3.3. Details of nurse‐led digital support
In 14/40 (35%) studies nurses contacted participants in response to incoming patient health data (i.e. blood glucose, blood pressure, weight, depressive symptoms). In studies where nurse contact was in response to such data, participant data was digitally transferred to a nurse's computer or telephone via a specialized ‘health‐hub’ device mediated by internet, Bluetooth, or landline connection (7/14; 50%), a smart‐phone (2/14; 14%), or information was recorded on a website (4/14; 29%). In the final study (1/14), an interactive voice service called participants to ask questions and participant data was transferred using a landline to a nurse's computer for review. In response to abnormal data, study nurses either called (7/14; 50%), text‐messaged (2/14, 14%), chatted through a mobile application (2/14; 14%), online messaged (1/14; 14%), video‐conferenced (1/14, 7%) or use a combination of these methods (1/14) with participants.
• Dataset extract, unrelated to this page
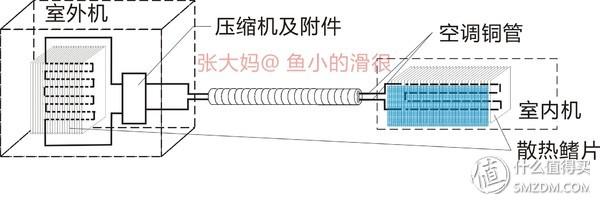 散热鳍片:负责热量的交换,室内吸收热量,室外放出热量
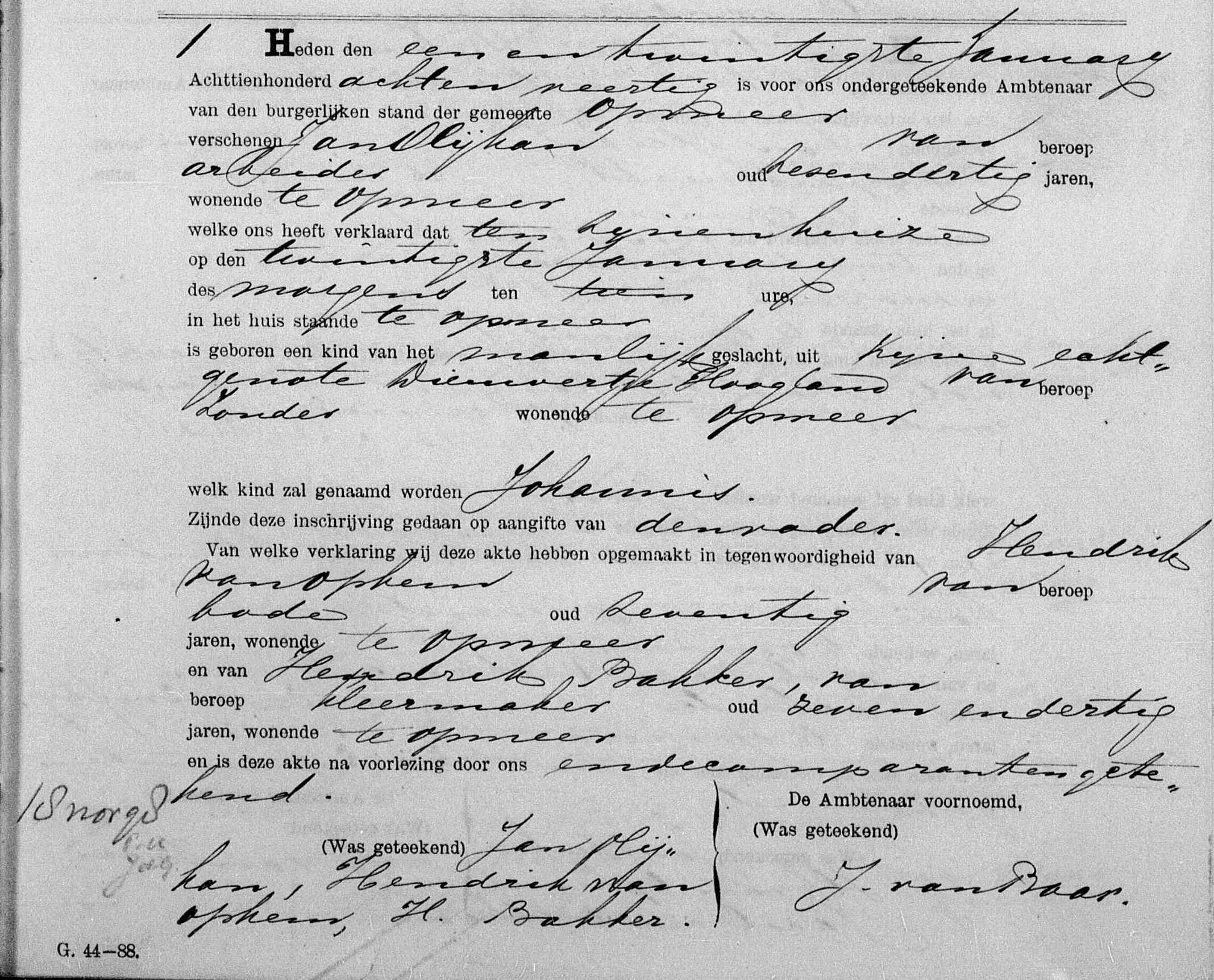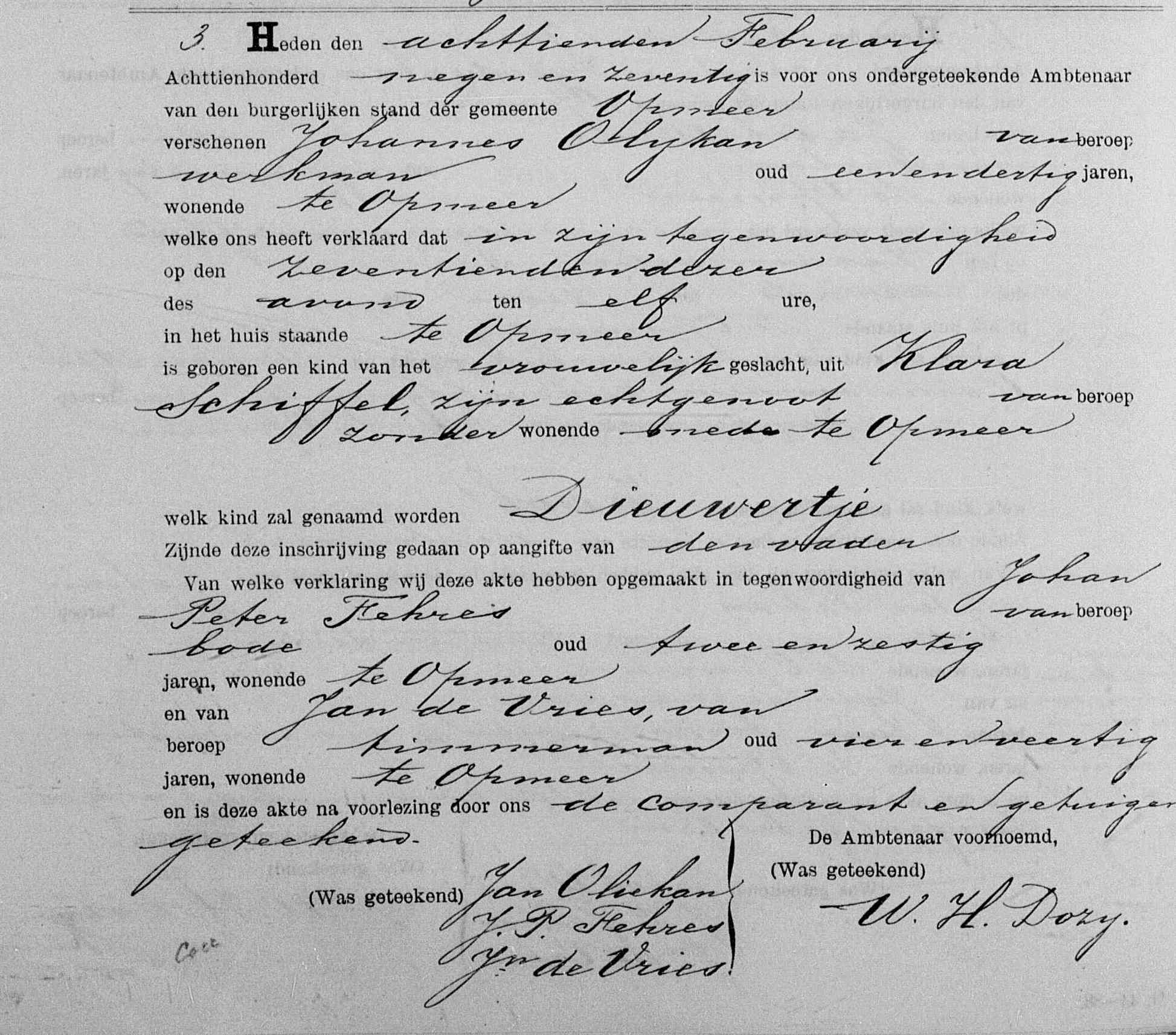 | 6 | 3 | Johannis Olijkan geboren [Akte] om 10:00 uur in het huis staande te Opmeer op 20-01-1848 te Opmeer, NH, Nederland, van beroep metselaar, voeger, overleden om 06:00 uur in de Wijdesteeg nommer 16 op 13-06-1893 te Hoorn, NH, Nederland. |

In eight of 40 (20%) studies, the nurse‐led intervention consisted of a virtual appointment with a nurse either at a scheduled time (3/8; 38%), as needed (3/8; 38%), or both (2/8; 25%). These appointments were facilitated through a mobile phone app (3/8; 38%); website (3/8; 38%), or videophone platform (2/8; 25%). Nurses provided virtual health education in five of 40 (13%) studies through a variety of digital modalities including mobile applications (2/5; 40%), emails (1/5; 20%), texting (1/5; 20%) and websites (1/5; 20%).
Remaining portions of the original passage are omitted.